# What is expected
Return the material below exactly, but only from the line with "Aggiungi alcune gocce" through the line with "此次活动邀请了马克思主义学院", and without its pictures.

# Records shown
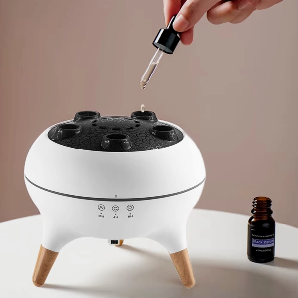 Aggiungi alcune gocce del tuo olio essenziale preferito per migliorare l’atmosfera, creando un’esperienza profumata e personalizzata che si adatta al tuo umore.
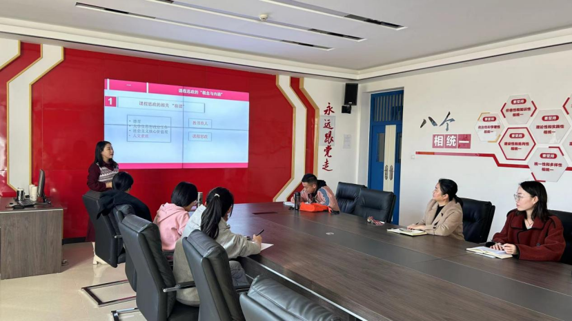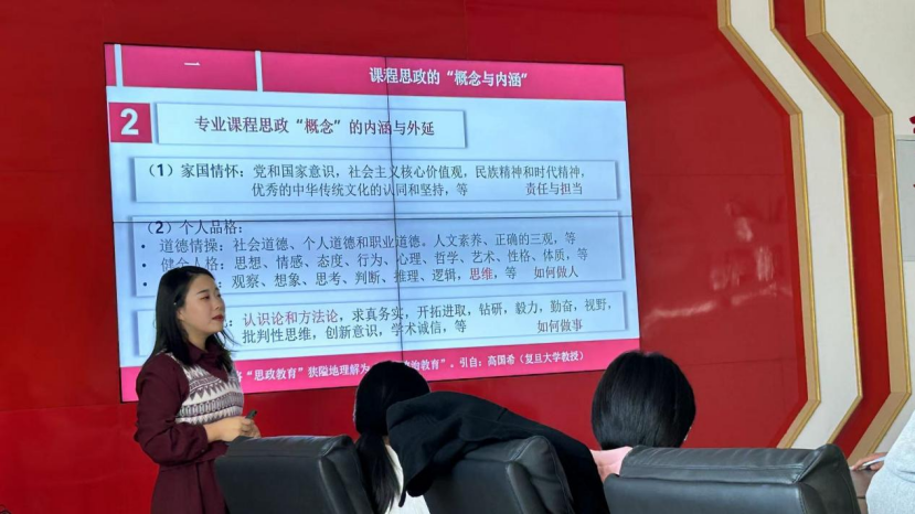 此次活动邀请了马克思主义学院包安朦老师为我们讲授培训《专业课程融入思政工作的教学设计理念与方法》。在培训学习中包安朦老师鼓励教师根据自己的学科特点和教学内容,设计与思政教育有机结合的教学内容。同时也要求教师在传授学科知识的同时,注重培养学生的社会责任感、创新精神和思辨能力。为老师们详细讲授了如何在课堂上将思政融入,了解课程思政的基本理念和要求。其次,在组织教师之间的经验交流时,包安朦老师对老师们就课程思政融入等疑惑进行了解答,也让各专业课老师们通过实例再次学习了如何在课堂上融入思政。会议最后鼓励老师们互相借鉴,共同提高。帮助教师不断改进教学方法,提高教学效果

...

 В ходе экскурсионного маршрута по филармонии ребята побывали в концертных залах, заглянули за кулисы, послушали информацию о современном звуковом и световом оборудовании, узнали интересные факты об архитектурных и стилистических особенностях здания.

# The completed task
 Aggiungi alcune gocce del tuo olio essenziale preferito per migliorare l’atmosfera, creando un’esperienza profumata e personalizzata che si adatta al tuo umore.
 此次活动邀请了马克思主义学院包安朦老师为我们讲授培训《专业课程融入思政工作的教学设计理念与方法》。在培训学习中包安朦老师鼓励教师根据自己的学科特点和教学内容,设计与思政教育有机结合的教学内容。同时也要求教师在传授学科知识的同时,注重培养学生的社会责任感、创新精神和思辨能力。为老师们详细讲授了如何在课堂上将思政融入,了解课程思政的基本理念和要求。其次,在组织教师之间的经验交流时,包安朦老师对老师们就课程思政融入等疑惑进行了解答,也让各专业课老师们通过实例再次学习了如何在课堂上融入思政。会议最后鼓励老师们互相借鉴,共同提高。帮助教师不断改进教学方法,提高教学效果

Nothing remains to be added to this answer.